If the controller with the abnormality is the slave node, the master node stops sending the data message to the corresponding slave node until the corresponding slave node returns to normal, and the cycle of sending the heartbeat message to the corresponding slave node by the master node is gradually increased from the initial cycle to the set maximum cycle by the incremental step length and then is sent to the corresponding slave node by the set maximum cycle; in the process, the controller cluster management system continues to sample the corresponding slave nodes, and in one acquisition, when all the monitoring indexes of the corresponding slave nodes reach the standard, the corresponding slave nodes are judged to be recovered to be normal, the master node continues to send data messages to the corresponding slave nodes in the initial period of sending the data messages, and sends heartbeat messages to the corresponding slave nodes in the initial period of sending the heartbeat messages; then, the controller cluster management system redistributes the device connection number and the tunnel service number of each node in a load sharing mode, and returns to the controller cluster management system after the redistribution of the device connection number and the tunnel service number of each node is completed by the controller cluster management systemReceiving a slave node with the lowest comprehensive utilization rate; the comprehensive utilization rate and Dt、Bt、Pt1And Pt2Associating, in particular, assigning Dt/D、Bt/B、Pt1And Pt2And performing weighting calculation on different weights to obtain the comprehensive utilization rate, for example: (D) rate of comprehensive utilizationt/D)*20%+(Bt/B)*20%+Pt1*30%+Pt2*30%。

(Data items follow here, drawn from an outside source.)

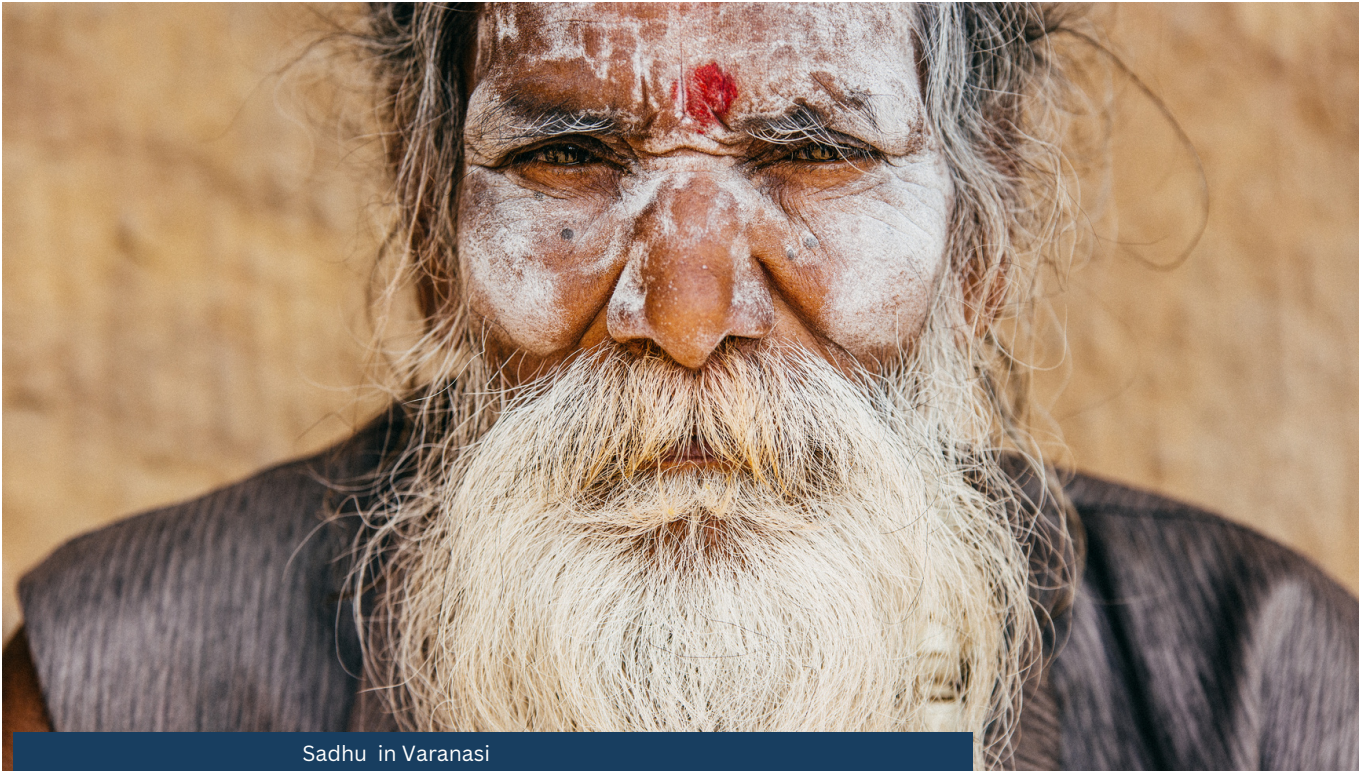
Sadhu in Varanasi

Rooms ready for wash and change. Dinner at Hotel. Later, you would be transferred to the New Delhi International airport for your flight back home (as per your International flight timings).
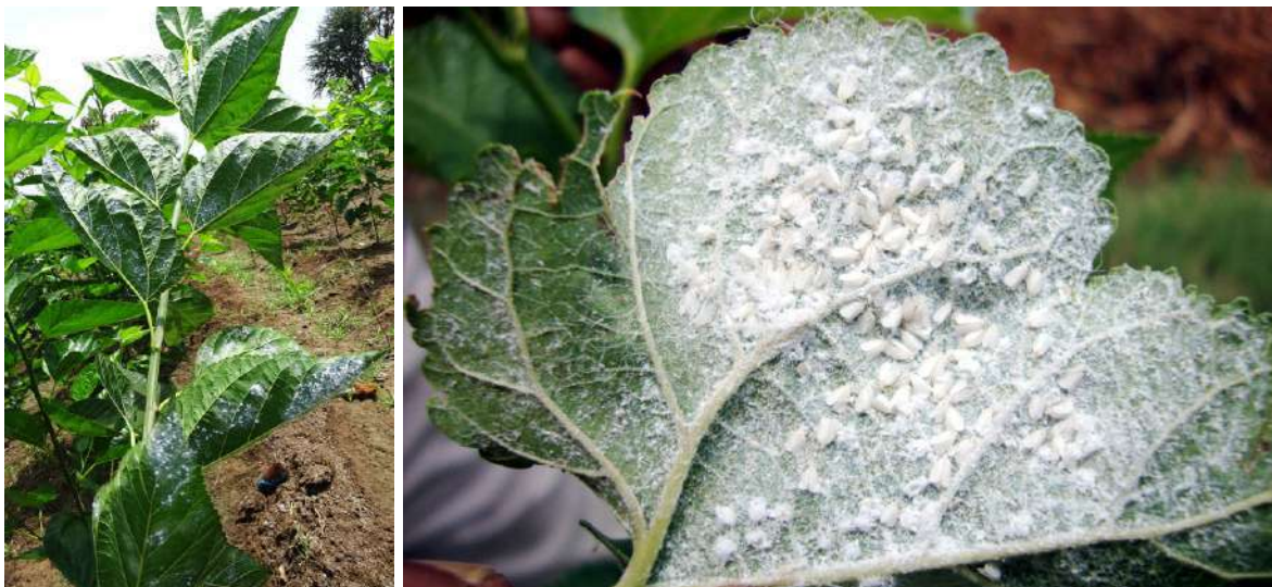
Spiralling whitefly affected mulberry plant & close up view

It is found to cause damage throughout the year with peak incidence during summer.
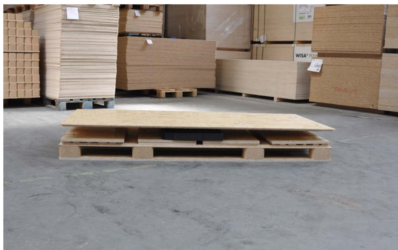
Clip-Lok Expendable box flat-packed with dunnages integrated within the packaging.
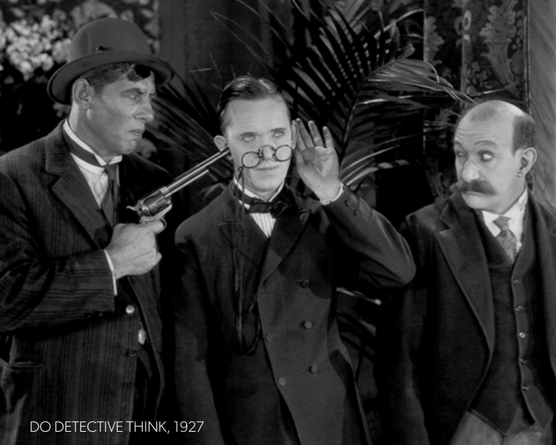
DO DETECTIVE THINK, 1927
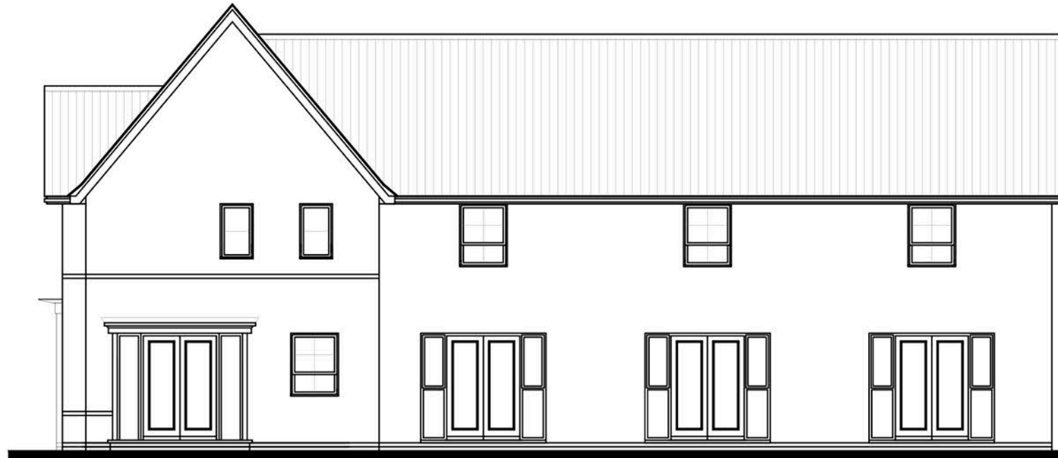
REAR ELEVATION Morpeth Ashford (end) Ashford (mid) Ashford (mid)
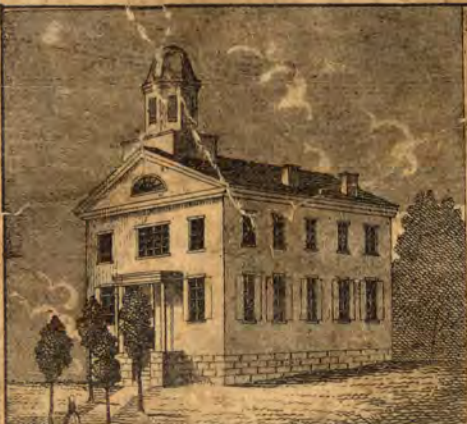
Alleghany Male & Female Seminary in Raleigh.

If At1、At2、At3、At4、At5、At6And At7If all the items in the data are less than 3, continuing to sample the monitoring index of the corresponding controller for the next time; updating A obtained after next sampling analysist1、At2、At3、At4、At5、At6And At7Continuously judging the updated At1、At2、At3、At4、At5、At6And At7Whether any one is equal to 3.
Example 3:
an embodiment of the present invention provides a controller cluster node management apparatus, as shown in fig. 3, including one or more processors 21 and a memory 22. In fig. 3, one processor 21 is taken as an example.
The processor 21 and the memory 22 may be connected by a bus or other means, such as the bus connection in fig. 3.
The memory 22, which is a non-volatile computer-readable storage medium, may be used to store non-volatile software programs and non-volatile computer-executable programs, such as the controller cluster node management method in embodiment 1. The processor 21 executes the controller cluster node management method by executing non-volatile software programs and instructions stored in the memory 22.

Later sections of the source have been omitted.